Data section Block Start

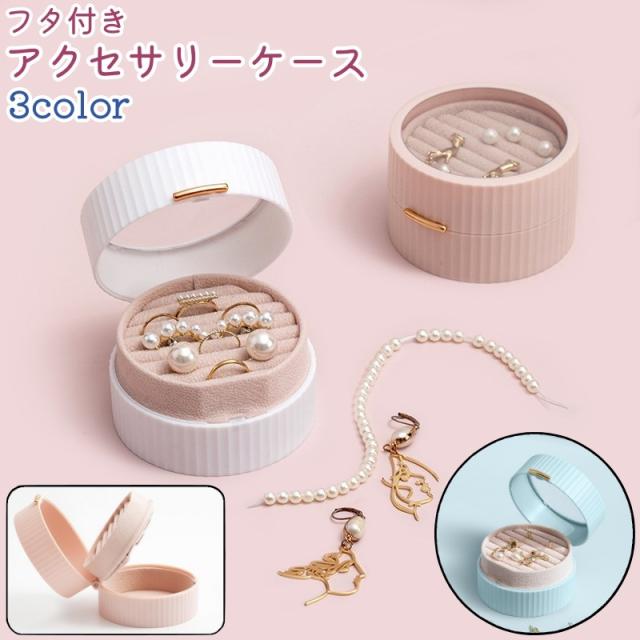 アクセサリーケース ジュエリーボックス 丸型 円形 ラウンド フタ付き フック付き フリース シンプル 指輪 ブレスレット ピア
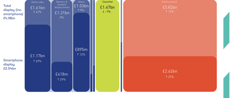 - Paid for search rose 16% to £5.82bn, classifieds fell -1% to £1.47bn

Data section Block End
Data section Block Start

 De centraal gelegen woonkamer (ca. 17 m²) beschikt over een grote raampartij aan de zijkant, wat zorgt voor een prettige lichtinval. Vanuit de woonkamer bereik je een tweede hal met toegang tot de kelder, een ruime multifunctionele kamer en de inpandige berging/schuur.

Data section Block End
Data section Block Start

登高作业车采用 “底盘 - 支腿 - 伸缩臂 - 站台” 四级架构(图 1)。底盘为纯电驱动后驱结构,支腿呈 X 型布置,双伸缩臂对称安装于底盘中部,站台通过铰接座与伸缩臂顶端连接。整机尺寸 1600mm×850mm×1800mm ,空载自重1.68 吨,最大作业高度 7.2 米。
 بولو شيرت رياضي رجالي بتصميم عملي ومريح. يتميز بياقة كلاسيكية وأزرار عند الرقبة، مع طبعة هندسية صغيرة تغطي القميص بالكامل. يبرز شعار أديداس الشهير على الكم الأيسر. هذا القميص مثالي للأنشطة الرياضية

Data section Block End

What the exercise asks: Given the records above, return the lines starting at the one that holds "アクセサリーケース ジュエリーボックス 丸型" and ending at the one that holds "- Paid for search", exactly, and nothing besides; leave every picture out.

Your solution:
 アクセサリーケース ジュエリーボックス 丸型 円形 ラウンド フタ付き フック付き フリース シンプル 指輪 ブレスレット ピア
 - Paid for search rose 16% to £5.82bn, classifieds fell -1% to £1.47bn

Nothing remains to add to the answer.